Single by Lionel Richie

from the album Renaissance
- Released: October 2000
- Recorded: 1999–2000
- Genre: Dance-pop, house
- Length: 4:16
- Label: Island Def Jam
- Songwriters: Lionel Richie; Paul Barry; Mark Taylor;
- Producers: Brian Rawling; Mark Taylor;

Lionel Richie singles chronology
| "Closest Thing to Heaven" (1998) | "Angel" (2000) | "Don't Stop the Music" (2000) |

Music video
- "Angel" (Metro Mix) on YouTube

= Angel (Lionel Richie song) =

2000 song by Lionel Richie

"Angel" is a song by American singer Lionel Richie. It was written by Richie, Paul Barry, and Mark Taylor for his sixth studio album Renaissance (2000), while production was helmed by Brian Rawling and Taylor. Island Def Jam released "Angel" as the album's lead single in October 2000. Richie's highest-charting success in years, it reached the top ten in Austria, Germany, the Netherlands, and on the US Billboard Adult Contemporary chart, while peaking at number 18 on the UK Singles Chart.

==Music video==
An accompanying music video for "Angel" was filmed by German directors Wolf Gresenz und Bernard Wedig and took ten days to be completed. Budgeted at 650.000 D-Mark, it marked production company Blow Film's first video with international clients. Shot in Berlin, including locations such as the Babelsberg Studios in Potsdam-Babelsberg and the Berlin Alexanderplatz station, it went into post production after its third day of filming.

==Credits and personnel==
Credits adapted from the liner notes of Renaissance.
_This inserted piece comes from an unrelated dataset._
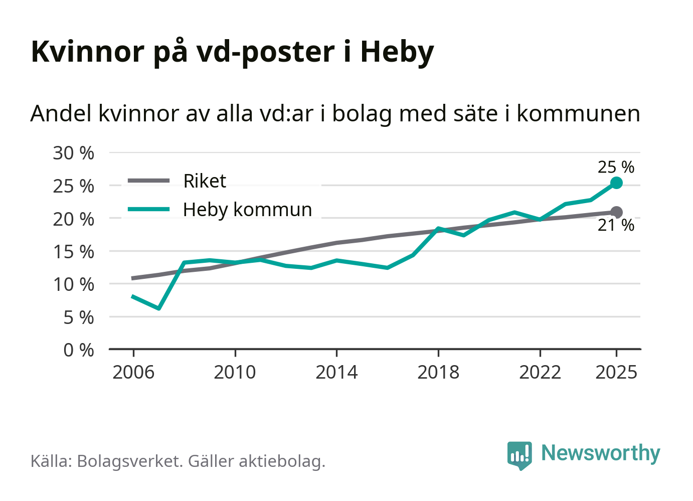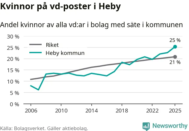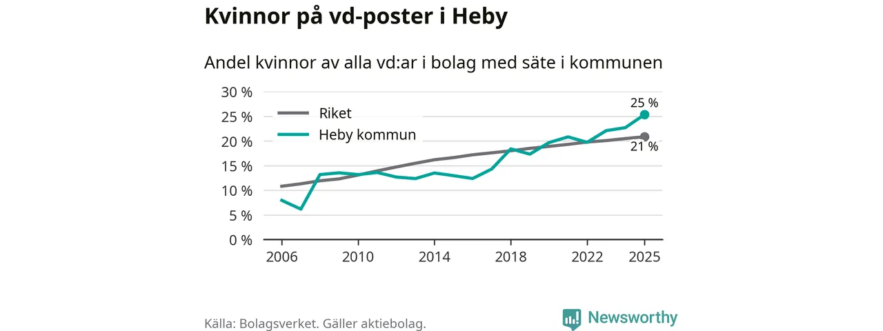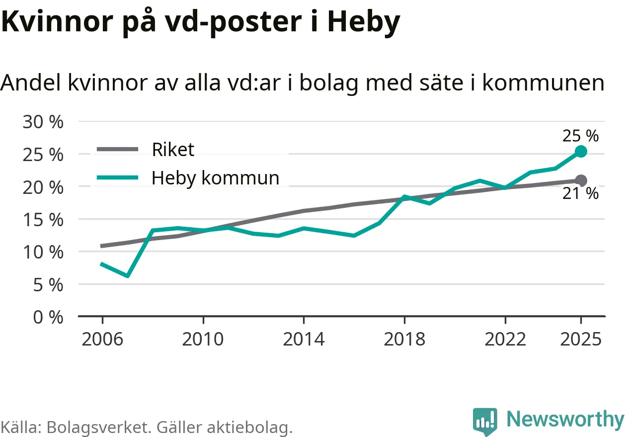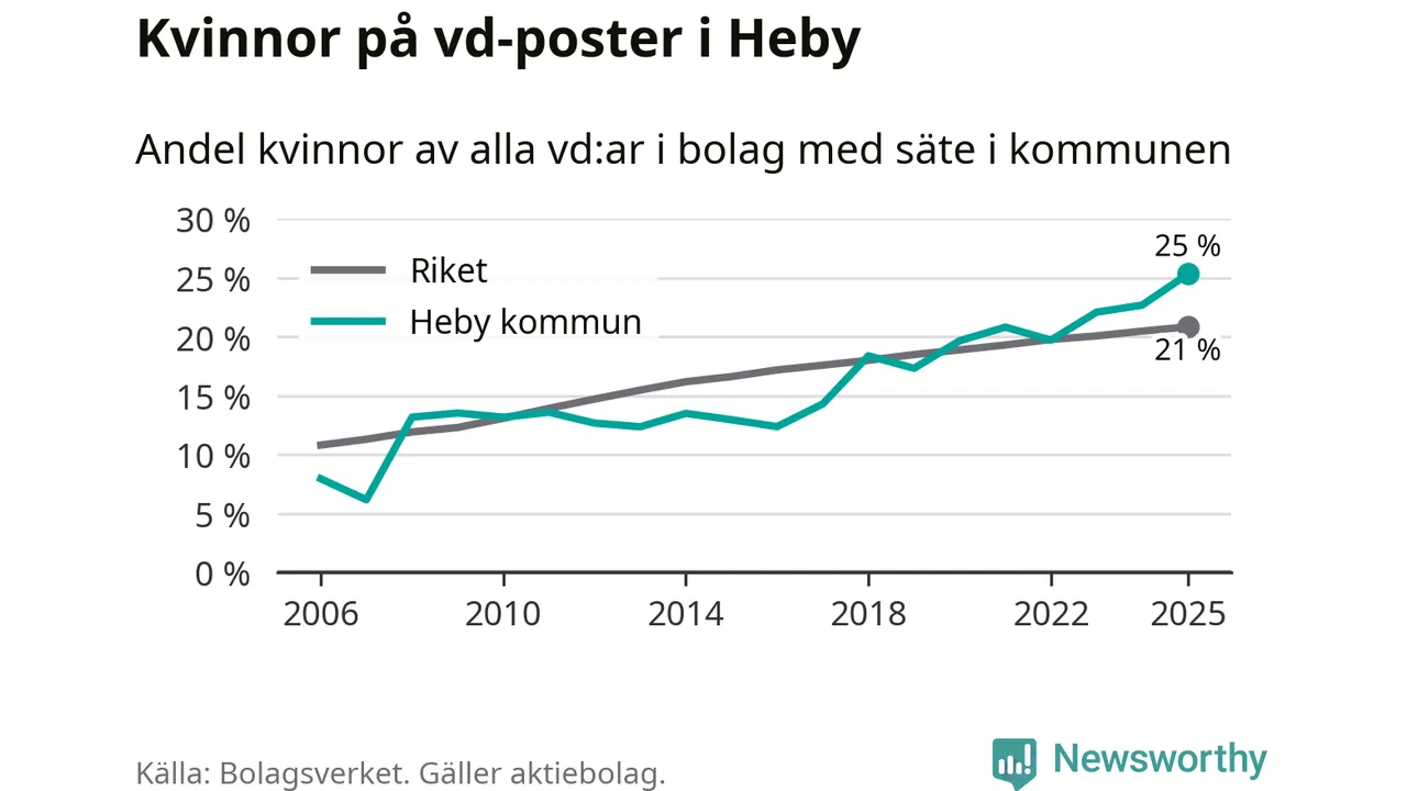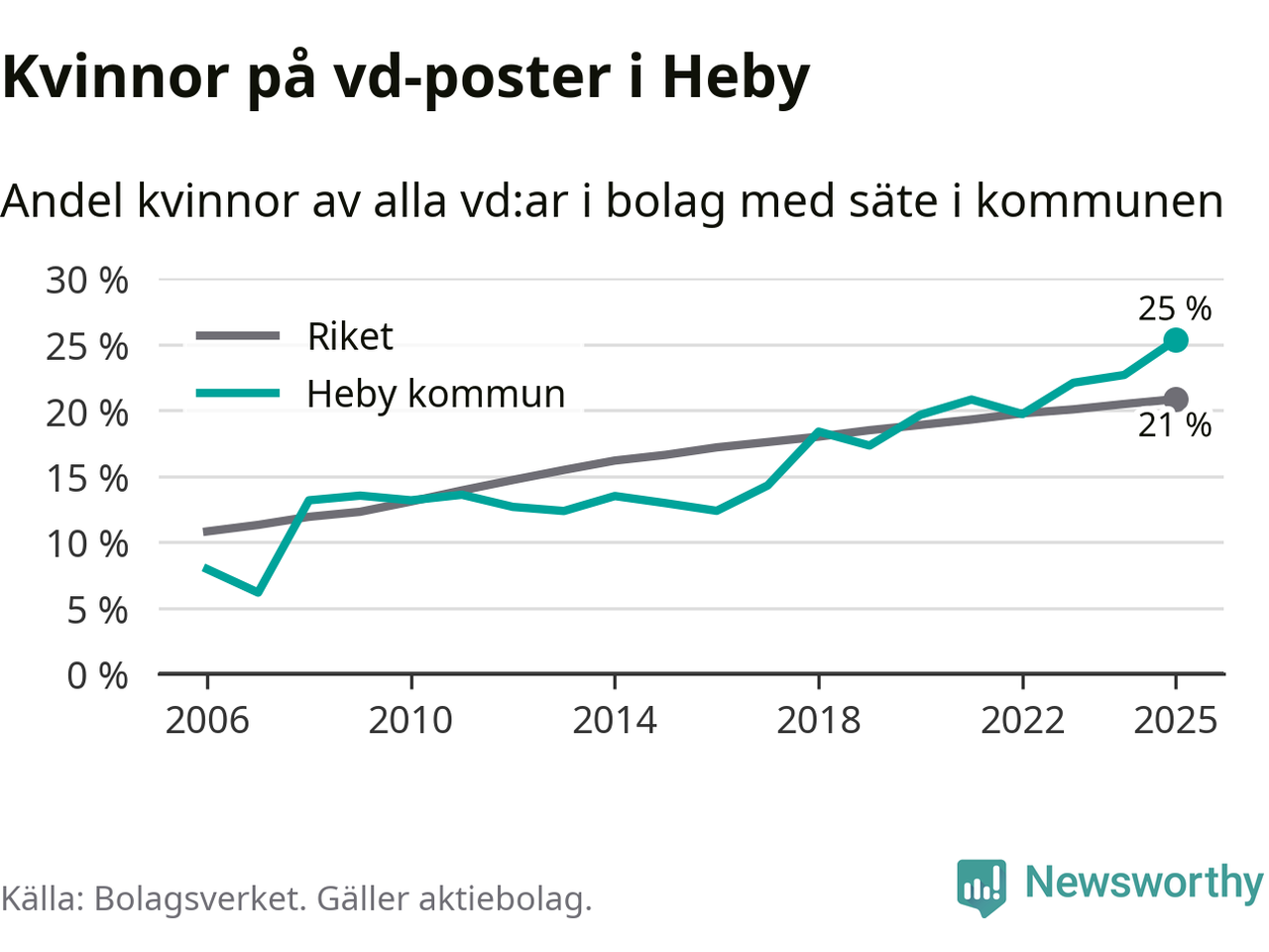 Det är fortfarande män som är vd i nästan fyra av fem bolag i Sverige, men i Heby är det alltså en högre andel kvinnor på vd-posten. 25 procent är den högsta andelen av kommunerna i Uppsala län. Lägsta andelen kvinnor i länet har företagen med säte i Tierps kommun, 17 procent.

- Production – Brian Rawling, Mark Taylor
- Assistant engineers – Jong Uk Yoon, Chris Anderson
- Additional guitars – Paul Jackson Jr.
- Additional recording – Dirk Vanoucek

- Keyboards, programming – Mark Taylor
- Background vocals – Tracy Ackerman
- Executive producer – Skip Miller

== Track listing ==

CD Maxi Single
1. "Angel" (Metro Mix) - 3:45
2. "Angel" (Boogieman Remix Radio Edit) - 3:59
3. "Angel" (Boogieman Remix Extended) - 6:45
4. "Angel" (Crash & Burn Remix Dub) - 5:47
5. "Angel" (Crash & Burn Remix Vocal) - 6:02
6. "Angel" (Boogieman Remix Dub) - 6:21

Australia CD Single
1. "Angel" (Chuckii B Mix) - 3:56
2. "Angel" (Metro Mix) - 3:45
3. "Angel" (Crash & Burn Remix Dub) - 5:47
4. "Angel" (Crash & Burn Remix Vocal) - 6:02

UK CD Single 1
1. "Angel" (Metro Mix) - 3:45
2. "Angel" (Boogieman Remix Extended) - 6:45
3. "Angel" (Crash & Burn Remix Vocal) - 6:02

UK CD Single 2
1. "Angel" (Metro Mix) - 3:45
2. "Shout It To The World" - 3:59
3. "All Night Long" (Live) - 5:51

UK Cassette Single
1. "Angel" (Metro Mix) - 3:45
2. "All Night Long" (Live) - 5:51

==Charts==

===Weekly charts===

| Chart (2000–01) | Peak position |
|---|---|
| Australia (ARIA) | 123 |
| Austria (Ö3 Austria Top 40) | 6 |
| France (SNEP) | 49 |
| Germany (GfK) | 9 |
| Hungary (MAHASZ) | 3 |
| Italy (FIMI) | 34 |
| Netherlands (Dutch Top 40) | 8 |
| Netherlands (Single Top 100) | 6 |
| New Zealand (Recorded Music NZ) | 31 |
| Poland (Polish Airplay Charts) | 5 |
| Portugal (AFP) | 5 |
| Sweden (Sverigetopplistan) | 42 |
| Switzerland (Schweizer Hitparade) | 27 |
| UK Singles (OCC) | 18 |
| US Billboard Hot 100 | 70 |
| US Adult Contemporary (Billboard) | 4 |
| US Dance Club Songs (Billboard) | 32 |

=== Year-end charts ===

Year-end chart performance for "Angel" by Lionel Richie
| Chart (2000) | Position |
|---|---|
| Germany (Media Control) | 86 |

| Chart (2001) | Position |
|---|---|
| Canada Radio (Nielsen BDS) | 41 |
| Netherlands (Dutch Top 40) | 84 |
| Netherlands (Single Top 100) | 58 |
| US Adult Contemporary (Billboard) | 14 |

==Certifications==

| Region | Certification | Certified units/sales |
| Netherlands (NVPI) | Gold | 40,000^{^} |
^{^} Shipments figures based on certification alone.